- EXERCISE AIM
Which lines in the records below hold the word "Schweißgeruch"? Copy each of them.

*** Opening of DATA EXTRACTS ***

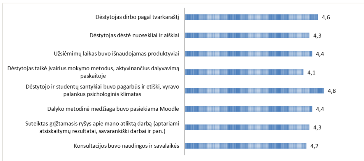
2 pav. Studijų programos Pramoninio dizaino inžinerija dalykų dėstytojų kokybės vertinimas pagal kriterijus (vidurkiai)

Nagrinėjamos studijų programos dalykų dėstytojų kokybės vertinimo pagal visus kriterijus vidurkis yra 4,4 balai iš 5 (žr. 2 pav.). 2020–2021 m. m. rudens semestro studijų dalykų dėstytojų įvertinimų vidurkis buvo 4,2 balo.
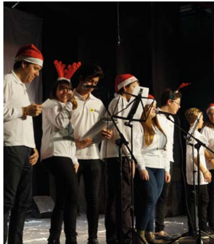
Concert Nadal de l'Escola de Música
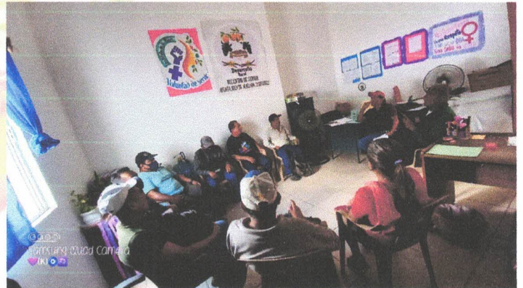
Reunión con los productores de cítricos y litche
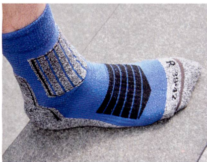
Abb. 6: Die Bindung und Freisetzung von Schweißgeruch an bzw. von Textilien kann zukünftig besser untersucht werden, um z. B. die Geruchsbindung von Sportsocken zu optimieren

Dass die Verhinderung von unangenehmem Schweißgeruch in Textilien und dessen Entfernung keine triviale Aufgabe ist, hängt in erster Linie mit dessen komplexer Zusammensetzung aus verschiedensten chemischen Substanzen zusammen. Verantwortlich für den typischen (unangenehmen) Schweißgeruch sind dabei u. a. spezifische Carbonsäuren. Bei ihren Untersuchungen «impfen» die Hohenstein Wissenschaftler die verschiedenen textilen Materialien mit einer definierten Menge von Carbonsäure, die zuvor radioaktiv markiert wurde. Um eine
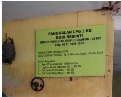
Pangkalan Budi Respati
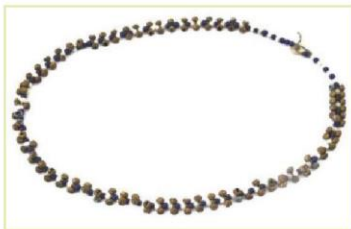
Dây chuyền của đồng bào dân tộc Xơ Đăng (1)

*** Close of DATA EXTRACTS ***
*** Opening of DATA EXTRACTS ***

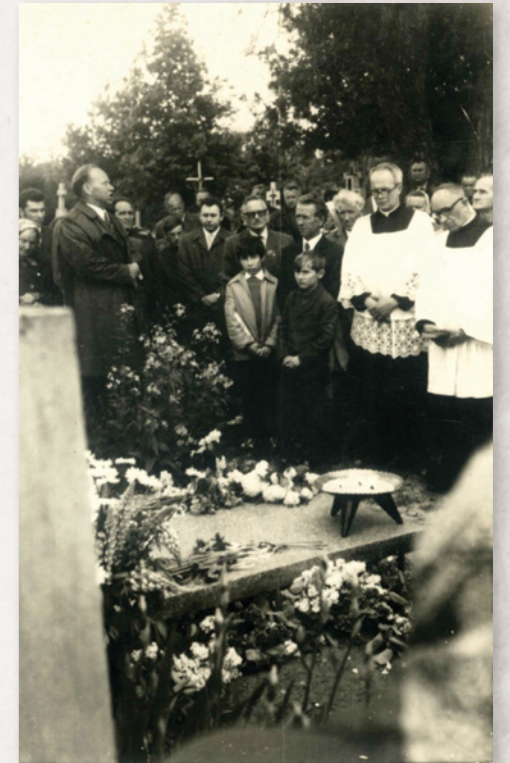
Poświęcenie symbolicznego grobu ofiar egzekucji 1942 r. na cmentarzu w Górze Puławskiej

*** Close of DATA EXTRACTS ***

- REPLY TO THE EXERCISE
Abb. 6: Die Bindung und Freisetzung von Schweißgeruch an bzw. von Textilien kann zukünftig besser untersucht werden, um z. B. die Geruchsbindung von Sportsocken zu optimieren
Dass die Verhinderung von unangenehmem Schweißgeruch in Textilien und dessen Entfernung keine triviale Aufgabe ist, hängt in erster Linie mit dessen komplexer Zusammensetzung aus verschiedensten chemischen Substanzen zusammen. Verantwortlich für den typischen (unangenehmen) Schweißgeruch sind dabei u. a. spezifische Carbonsäuren. Bei ihren Untersuchungen «impfen» die Hohenstein Wissenschaftler die verschiedenen textilen Materialien mit einer definierten Menge von Carbonsäure, die zuvor radioaktiv markiert wurde. Um eine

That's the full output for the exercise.